We now discuss how the visibility Ṽ_d of HOM dips between photons in different pairs, which can be extracted from experimentally obtained V_d using Eqs. (1) and (2), can be predicted theoretically. As mentioned above, in this case it is necessary to consider both the mode mismatch and undesirable timing jitters between the input photons to estimate Ṽ_d. There are two main causes for undesirable timing jitters: a non-zero pump pulse duration (Fig. 1(d)) and a GVM between the pump pulse and the daughter photons (Fig. 1(e)). In this paper, we introduce the ‘visibilities’ V_pump and V_GVM to consider these two effects. In the first approximation, Ṽ_d can be written as [20]

{\tilde{V}}_{d} = {\tilde{V}}_{s} \times V_{pump} \times V_{G V M},

Figure 1(d) depicts the effect of the non-zero pump pulse duration. The upper and lower crystals in Fig. 1(d) correspond to BBO1 and BBO2 in Fig. 1(c), respectively. As Fig. 1(d) shows, the photon pairs are generated on the front (left) side of BBO1 and on the back (right) side of BBO2. Thus, the input photons have a timing jitter V_pump, which is given by [25–27].

V_{pump} = \sqrt{\frac{τ_{p}^{2} τ_{t}^{2} + τ_{t}^{2} τ_{i}^{2} + τ_{i}^{2} τ_{p}^{2}}{(τ_{p}^{2} + τ_{t}^{2}) (τ_{p}^{2} + τ_{i}^{2})}} = \sqrt{1 - \frac{1}{(1 + \frac{τ_{t}^{2}}{τ_{p}^{2}}) (1 + \frac{τ_{i}^{2}}{τ_{p}^{2}})}} .

Here, τ_p is the pump pulse duration, τ_t is the coherence time of the trigger photons (photons 1 and 4 in Fig. 1(c)), and τ_i is the coherence time of the input photons (photons 2 and 3 in Fig. 1(c)). Equation (4) suggests that V_pump can be maximized by increasing τ_i and τ_t with respect to τ_p. This is because the increase in τ_i and τ_t corresponds to the broadening of the width of the photonic wave packets of the signal and the idler photons (Fig. 1(d)) so that the effect of the timing jitter due to non-zero pump pulse duration is reduced. In experiments, the smaller the band width of the band pass filters for trigger and input photons are, the larger τ_i and τ_t are.

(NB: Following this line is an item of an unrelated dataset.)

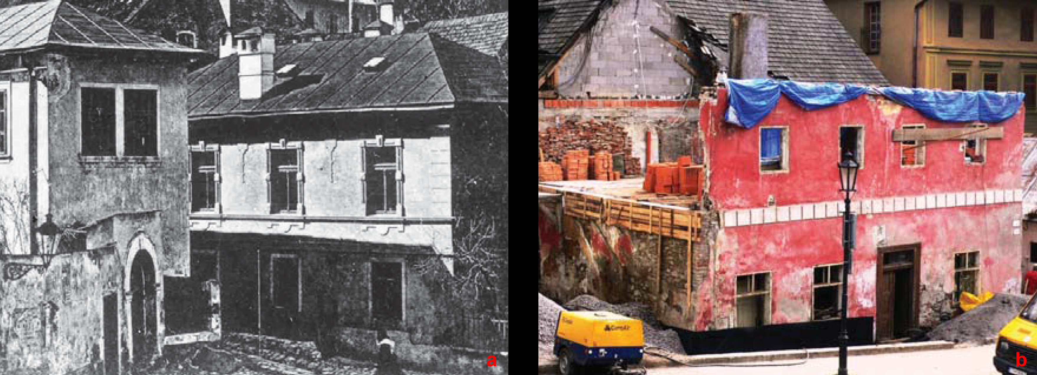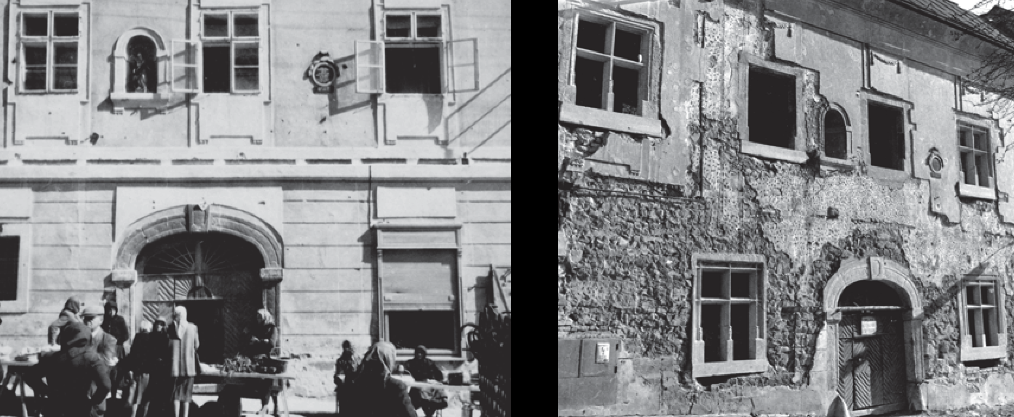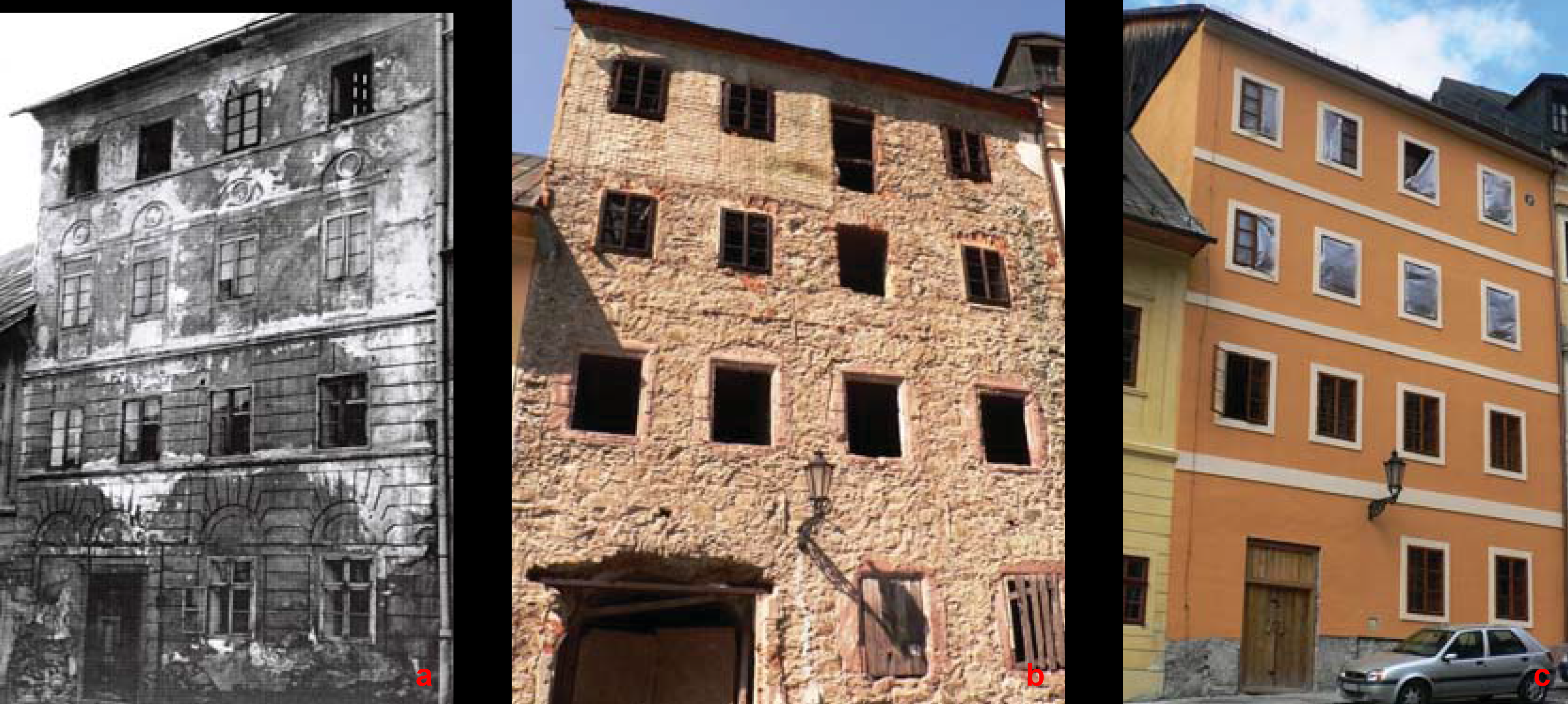 - strata pôvodných konštrukcií a materiálu, pôvodných kultúrnych vrstiev, pôvodných konštrukcií, najmä drevených (stropov, krovov, okien, dverí, podláh a pod.); odstraňovaním kultúrnych omietkových vrstiev, ktoré boli nositeľmi slohových prejavov z času svojho vzniku (takmer všetky palácové domy na východnej strane Nám. Sv. Trojice mali odstránené dve slohové kultúrne vrstvy – klasicistickú a barokovú, aby mohli byť reštaurované fasády z obdobia renesancie. (Tento prístup nie je ojedinelý ani dnes. S obľubou ho presadzujú reštaurátori (môže súvisieť aj s finančne výhodnejšou zákazkou). Odstraňovanie mladších kultúrnych vrstiev je však v rozpore s výzvami medzinárodného odborného spoločenstva už od začiatku 20. storočia, hlavne s Benátskou chartou ICOMOS). Tieto tendencie ilustruje príklad obnovy meštianskeho domu na Nám. sv. Trojice č. 11, ktorý bol v roku 2003 s metodickým usmernením reštaurovaný v zmysle Benátskej charty, následne v roku 2010 bol novým metodickým usmernením znova reštaurovaný, pričom boli zlikvidované tri kultúrne omietkové vrstvy z fasády, aby mohla byť hypoteticky rekonštruovaná podoba z obdobia renesancie. (Príklad bude ilustrovaný vo výskume „testu autenticity“ v kapitole 5.3.1 Aplikácia „testu autenticity“ – overenie miery zachovania autenticity).

Ṽ_s describes the effect of mode mismatch between the input photons, which can be estimated from the experimentally obtained V_s. V_GVM will be discussed in detail in the following section.

2.3. Visibility degradation due to group velocity mismatch

Figure 1(e) shows a schematic for the effect of GVM. Again, the upper and lower crystals in Fig. 1(e) correspond to BBO1 and BBO2 in Fig. 1(c), respectively. As Fig. 1(e) shows, photon pairs are generated when the pump pulse enters BBO1 (left side), whereas they are generated when the pump pulse exits BBO2 (right side). Since the daughter photons propagate faster than the pump light (GVM), the photon from BBO1 arrives at the BS sooner than the photon from BBO2 in this example.

The group delay between the pump pulse and the daughter photons is given by

Δ u = \frac{1}{v_{ge} (λ / 2)} - \frac{1}{v_{go} (λ)},

where v_ge(λ) and v_go(λ) are respectively the group velocities of the extraordinary and ordinary rays for λ, which is the wavelength of the daughter photons.

To evaluate V_GVM, we calculate the HOM dip function F(T,t) by accounting for the effect of timing jitters between the input photons as follows.

F (T, δ τ) = \int_{0}^{T} \int_{0}^{T} g (τ) g (τ^{'}) (1 - e^{- {(\frac{δ τ - τ - τ^{'} - T}{τ_{c}})}^{2}}) d τ d τ^{'},

where T is the maximum timing jitter (T = L × Δu, where L is the crystal length), g(τ) is the photon pair creation rate at time τ after the pulse enters the crystal, and δτ is the optical delay time.

In a previous study [20], photon pairs were assumed to be uniformly generated in the crystal; in other words, the conversion efficiency was assumed to remain constant as the pump pulse propagates in a crystal. In this case, the photon pair creation rate g(τ) is given by:

g (τ) = {\begin{matrix} 1 & (0 \leq τ \leq L) \\ 0 & (otherwise) \end{matrix}} .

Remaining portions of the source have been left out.